Previously published on May 19, 2014

I recently read an article by a French export consultant taking the position that smaller French companies seeking to introduce their products to foreign markets should never finance their efforts with their own money, as there are so many public funds available in France to cover the costs. The author expressed surprise at the feeble percentage of available public financing for export that was actually used. Because of France’s dominant position in the fashion world, often such funding is easier to obtain for new designers than it is for makers of more esoteric products.

It is true that the French government offers plenty of “gifts” to encourage young companies to make a serious effort to expand the demand for their products by exploring overseas markets. As an American, I am quite surprised by the number of such offers that are available at all levels in France: national, regional, communal, chambers of commerce, etc. It is impossible for the tiny management structures within smaller companies to know about the vast number and diversity of such public financing programs.

It follows that a major reason for the limited use of public funding available for export is ignorance of the existence of so many tools. If one must search in order to find them, I doubt that the managers of many smaller companies will devote time to the effort when they face so many other pressing priorities.
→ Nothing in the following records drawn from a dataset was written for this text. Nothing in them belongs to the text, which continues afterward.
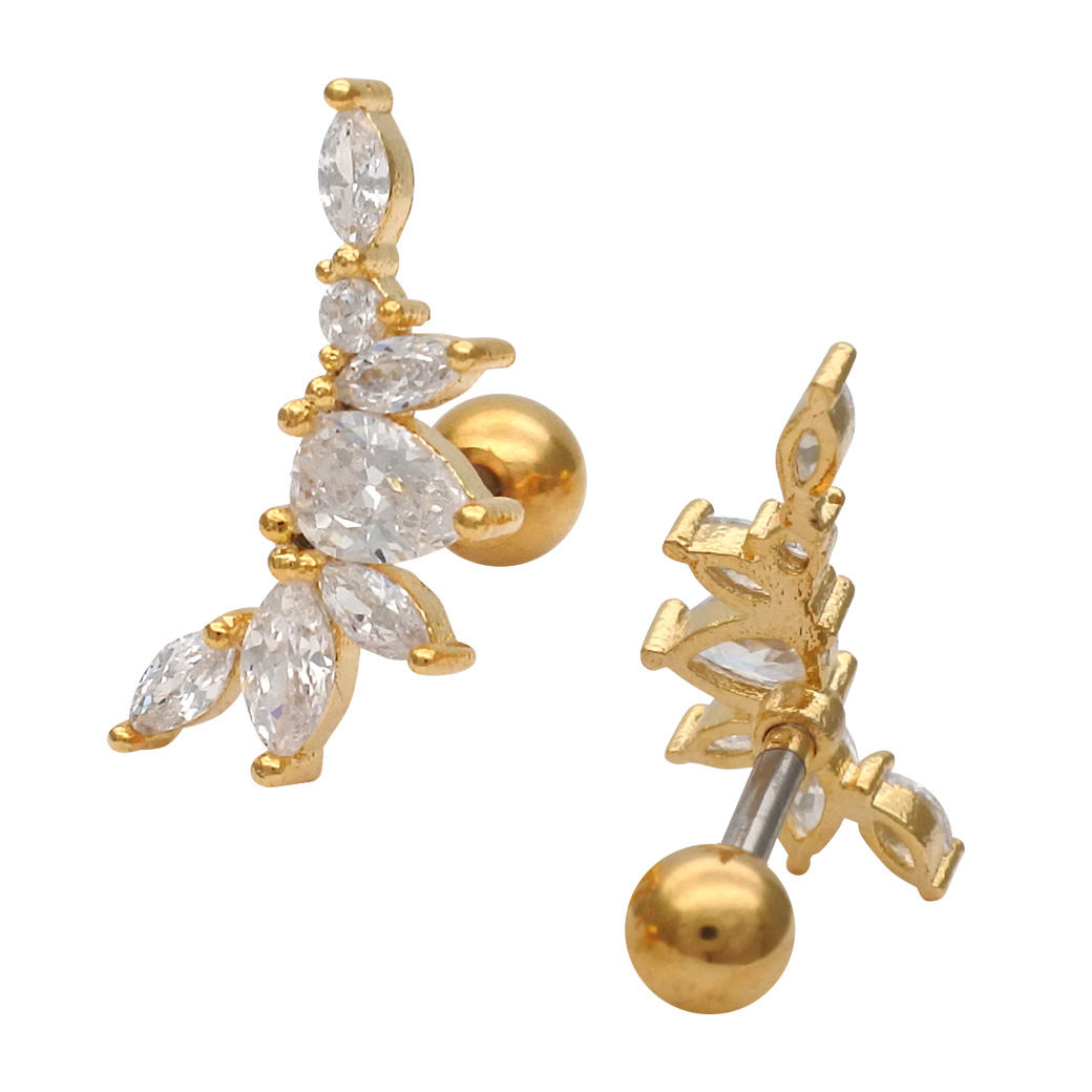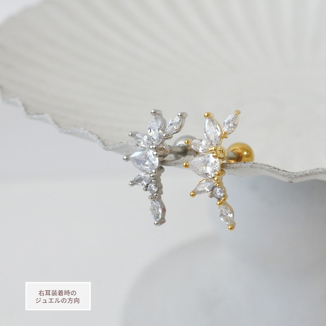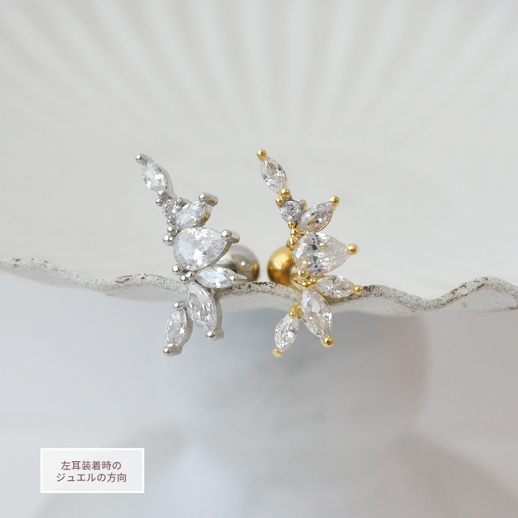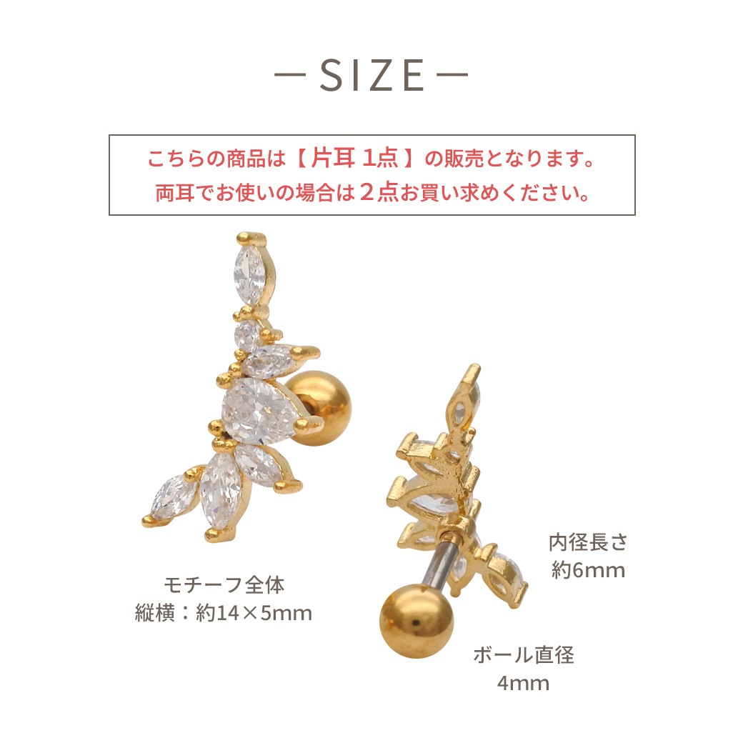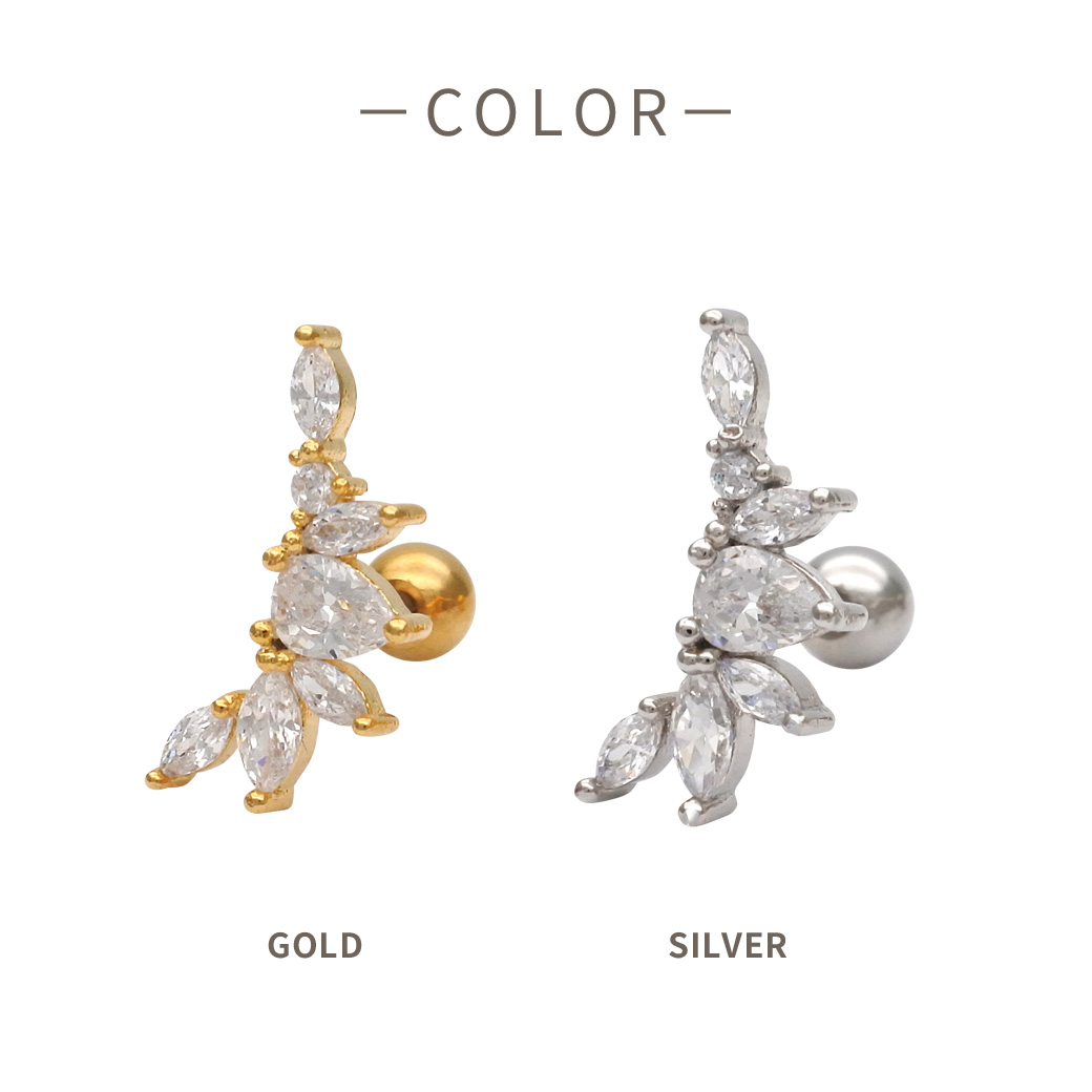 【4月新作】[14G 16G ]甘さを抑えて大人リーフ デザイン耳元に上品な華やかさをプラスストレート 軟骨ピアス ヘリックス ボディピアス 0499
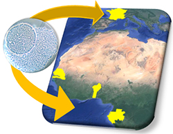 La diversitĂ© gĂ©nĂ©tique du toxoplasme en Asie et en Afrique demeure très peu explorĂ©e. Cependant le peu de donnĂ©es disponibles sur cette parasitose en Afrique de l’Ouest et Centrale suggère une prĂ©valence humaine et animale Ă©levĂ©e et une sĂ©vĂ©ritĂ© inhabituelle de l’infection toxoplasmique chez l’homme. Des Ă©tudes montrent une relation entre le gĂ©notype infectant et les manifestations cliniques, en particulier en AmĂ©rique du Sud. Dans un monde globalisĂ©, comprendre comment la diversitĂ© gĂ©nĂ©tique du pathogène se structure et Ă©volue s’impose comme une thĂ©matique Ă©mergente dans l’étude de l’épidĂ©miologie de la toxoplasmose. Le rĂ´le de facteurs anthropiques dans l’évolution de cette diversitĂ© a Ă©tĂ© montrĂ© dans le cadre de travaux de recherche prĂ©liminaires de l’équipe. Une Ă©tude menĂ©e en Guyane française montre que l’anthropisation d’un milieu aboutit Ă  une modification de la diversitĂ© gĂ©nĂ©tique locale du toxoplasme. Elle met en Ă©vidence la possibilitĂ© d’introgressions de souches sauvages (plus virulentes pour l’homme) dans l’environnement anthropisĂ©, entrainant des risques potentiels en santĂ© humaine.
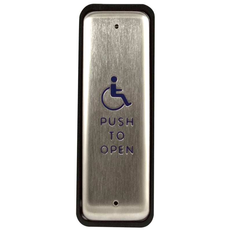 BEA 10PBJ1 Stainless steel push plate, 1.5 In. by 4.75 In., in jamb plate, blue hadicap logo and text
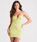 Escape to an island getaway with this tropical mini dress perfect for a sunset dinner by the shore! It features a sleeveless sweetheart neckline, adjustable spaghetti straps, a knotted bust accent, and a bodycon silhouette. The smooth lined knit fabric offers a moderate stretch. Complete the look in trendy sandals.

Fortunately, the supply meets the demand, and there are consulting firms that have arisen able to identify financing that best corresponds to their clients’ projects. Funds are often available according to the product, and many consultants specialize in particular industries. The fashion business is one that is targeted for public financial support, so it should be worthwhile to seek out consultants dedicated to apparel and accessories. However, these firms are often tiny, so very few of them advertise sufficiently to be easily found.

I have determined, on the basis of the business practices of French companies with which I have worked, another possible explanation for the failure to use public funds available to support efforts to export by companies of modest size. This explanation has its particularly French aspect. According to consultants who specialize in this niche, many such programs are available to a company only once. What is a normal reaction in France but incomprehensible to an American is that a manager will come up with so many questions concerning which of his or her export proposals is the right one — as if they have already identified any alternatives — he or she will decide not to pursue the original project so as not to favor it over a potentially better one that might be submitted at a later time. This manager will never make a single sale abroad!



 

The views expressed in this document are solely the views of the author and not Martindale-Hubbell. This document is intended for informational purposes only and is not legal advice or a substitute for consultation with a licensed legal professional in a particular case or circumstance.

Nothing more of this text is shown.